» ABOUT THIS EXERCISE:
Print them exactly: the lines from the beginning of the entries below through the line that contains "Poster : Flat", and only those, with the pictures left out.

» RECORDS SHOWN:
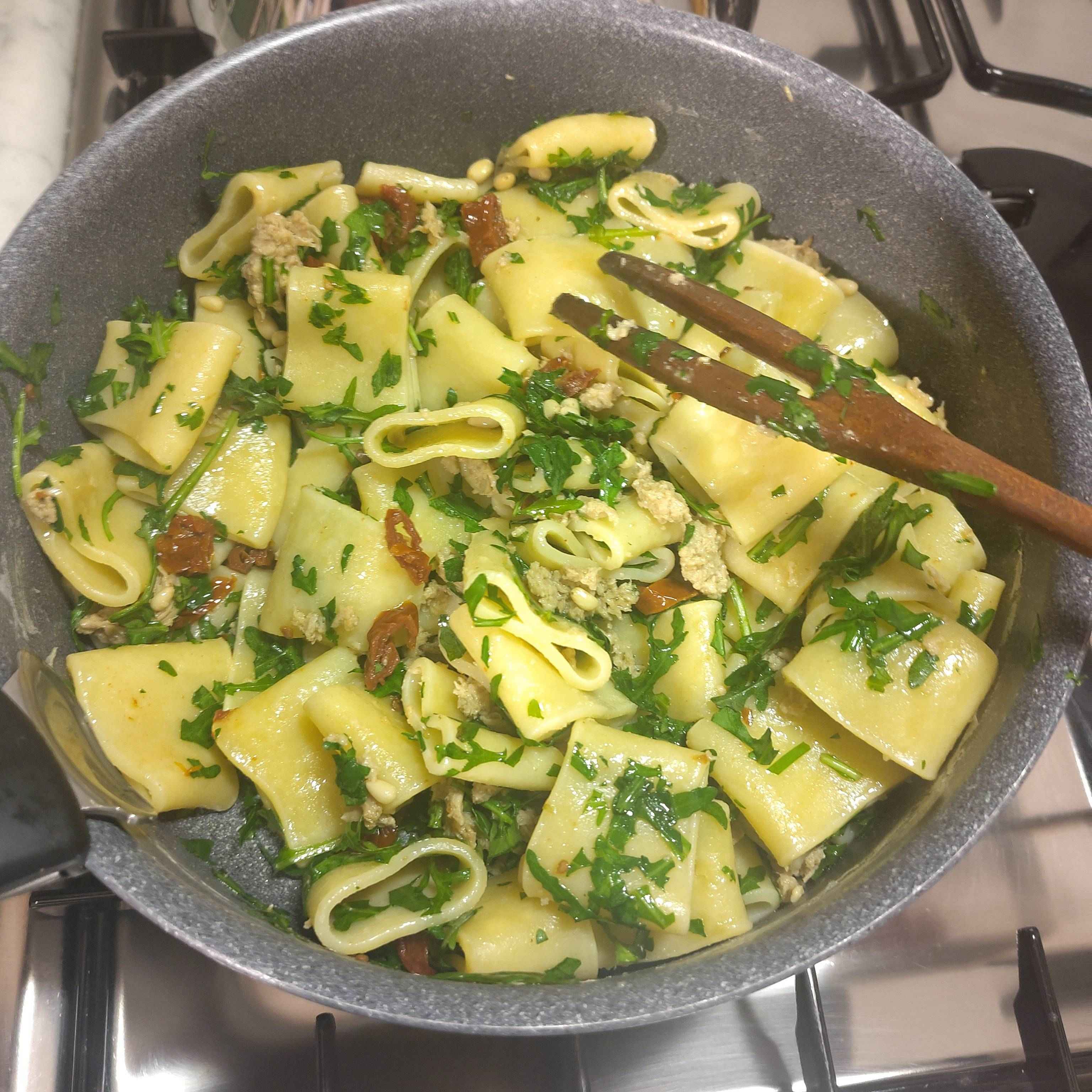 Cena gourmet vegan in 5 minuti, yes 👍 - pasta fresca - rucola tagliata - tonno vegan - pomodorini secchi - pinoli
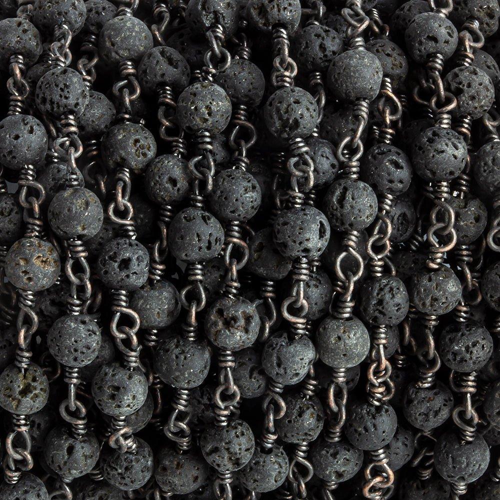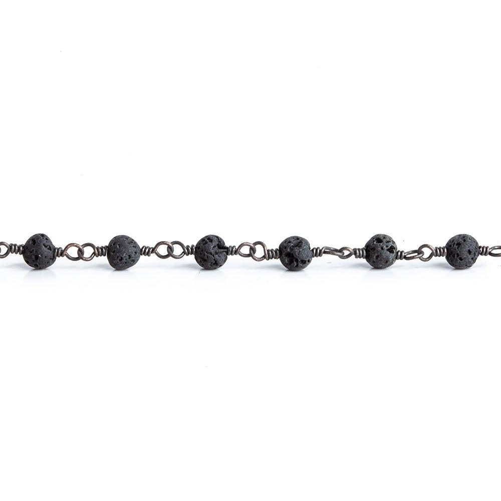 4mm Black Lava Rock Plain Round Black Gold Chain by the Foot 29 pieces - The Bead Traders
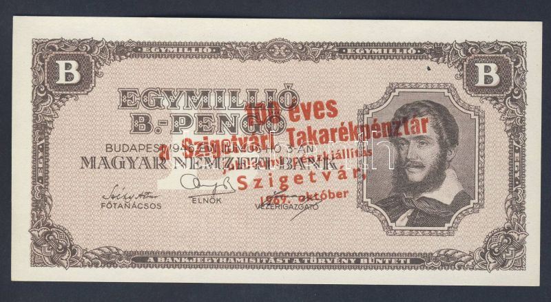 Beschreibung: 1946. 1000000B-pengő "100 éves a Szigetvári Takarékpénztár...1969..." propaganda fny-sal T:I
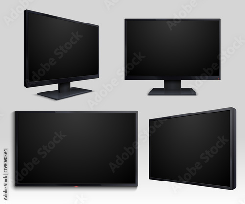 Poster : Flat tv screen and computer lcd monitor isolated 3d mockup for internet television concept
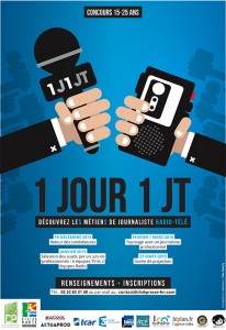 Un Jour, un JT est un concours organisé à destination des 15-25 ans haut-normands. L’objectif est de sélectionner 8 équipes, qui partiront pendant une journée tourner et monter un reportage encadré par un journaliste professionnel, avec nos partenaires : France 3 Haute-Normandie, Biplan, France Bleu Haute-Normandie, La Chaîne Normande, Aktuaprod, RCF et Lumen Production. Les réalisations seront présentées à la façon d’un JT lors d’une soirée de remise de prix à l’Omnia République de Rouen.
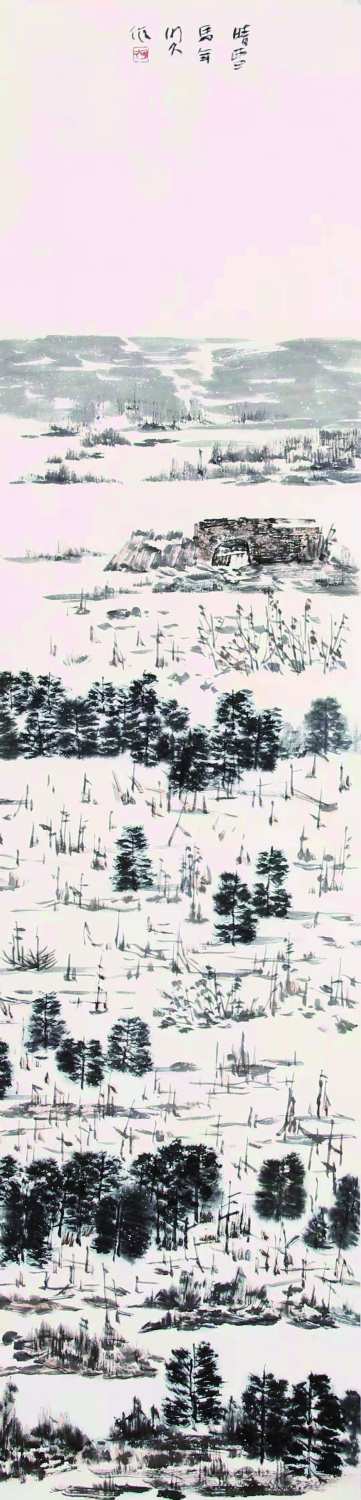 在专注局部、做足画面层次的减法之后,在“雪”的运用为山体皴擦做了减法之后,李明久开始做“加法”,他或叠加雪中的树,或叠加雪中的高杆植物等,和以往中国山水画法中的树木叠加不同,李明久的这一叠加有着强烈的个人诉求:他有意让自己的叠加“疏朗地布满”,让叠加布局于整个画面,而不是以往绘画中的团簇方式,形成疏密对比;他的叠加同样有轻重疏密和远近关系,但李明久充分利用着“近景”并和近景匹配,他的轻重、疏密、远近都是适度而精心的,一边弱化对比性一边又从结构关系中调整出来;他的叠加时有“重色”,这种重色与雪的留白既构成对比同时又将雪的留白有效地化为实体,成为承担这种重色所带来的“重量感”的独特部分。在这里,在言说李明久所做的独特创造的同时我必须要再次强调对艺术规范性的尊重和反复掂量的艺术精心:无疑,李明久的“雪域山水”极为独特,个人标识强烈、“独创性”明显,然而它的每处变幻,每种个人的突破都是反复掂量、反复试错和调整之后的结果,始终保持着意外中的合理,保持着对于艺术规范的熟谙和平衡把握。“每当我打开明久的画集,或者看到他发表在一些杂志上的画作时,便感到一种耳目一新的喜悦;而且这种喜悦会经久不衰。这就是说他的画作不仅使我耳目一新,而且也使我耳目常新、百读不厌。能够做到耳目一新固属不易,能够做到使人耳目常新则更是难事。对一个画家来说更重要的则是后者。”画家孙其峰曾如此评价。耳目常新,耐看耐寻味,必须是突破了某些旧有困囿的同时又暗合审美法度,有一种内在的艺术平衡。
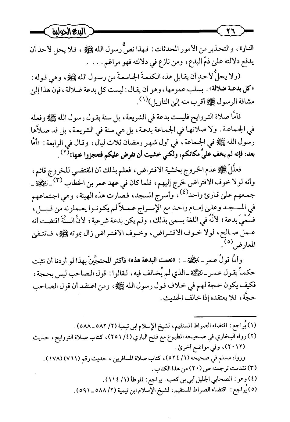 وأما قولُ عمر- رضي الله عنه-: ((نعمت البدعة هذه)) فأكثر المحتجِّين بهذا لو أردنا أن نثبت حكماً بقول عمر - رضي الله عنه- الذين لم يُخالف فيه، لقالوا: قول الصاحب ليس بحجة، فكيف يكون حجة لهم في خلاف قول رسول الله صلى الله عليه وسلم، ومن اعتقد أن قول الصاحب حجَّة، فلا يعتقده إذا خالف الحديث.
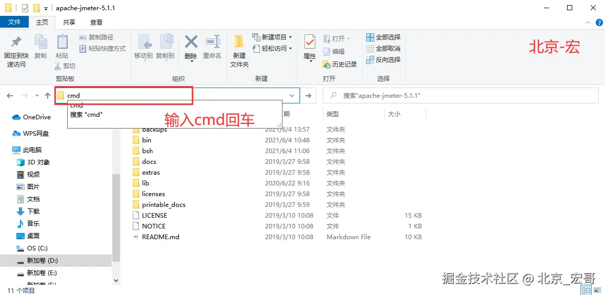 4、在jmeter的home目录下输入cmd命令,进入到docs命令窗口,如下图所示:
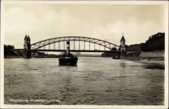 Ak Magdeburg an der Elbe, Hindenburgbrücke, Dampfer Nobe
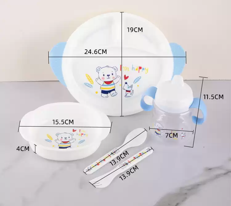 Детский набор для кормления (тарелка, миска, кружка, ложка и вилка) applebear, Модель CC1849_WYZ8521, Материал Полипропилен
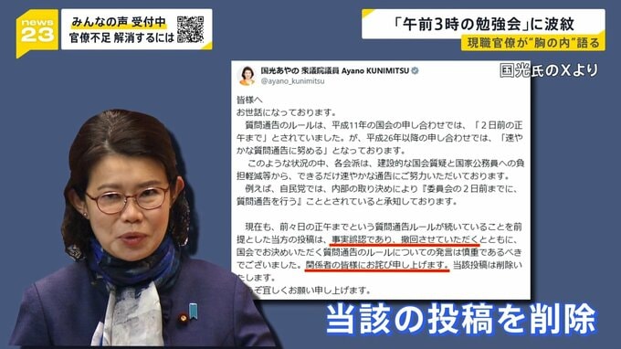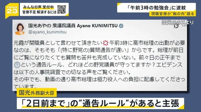 一方、私たちの取材に応じた現職の官僚は、質問通告の遅れで“負担を強いられた”過去を振り返ります。

» RESPONSE TO THIS EXERCISE:
 Cena gourmet vegan in 5 minuti, yes 👍 - pasta fresca - rucola tagliata - tonno vegan - pomodorini secchi - pinoli
 4mm Black Lava Rock Plain Round Black Gold Chain by the Foot 29 pieces - The Bead Traders
 Beschreibung: 1946. 1000000B-pengő "100 éves a Szigetvári Takarékpénztár...1969..." propaganda fny-sal T:I
 Poster : Flat tv screen and computer lcd monitor isolated 3d mockup for internet television concept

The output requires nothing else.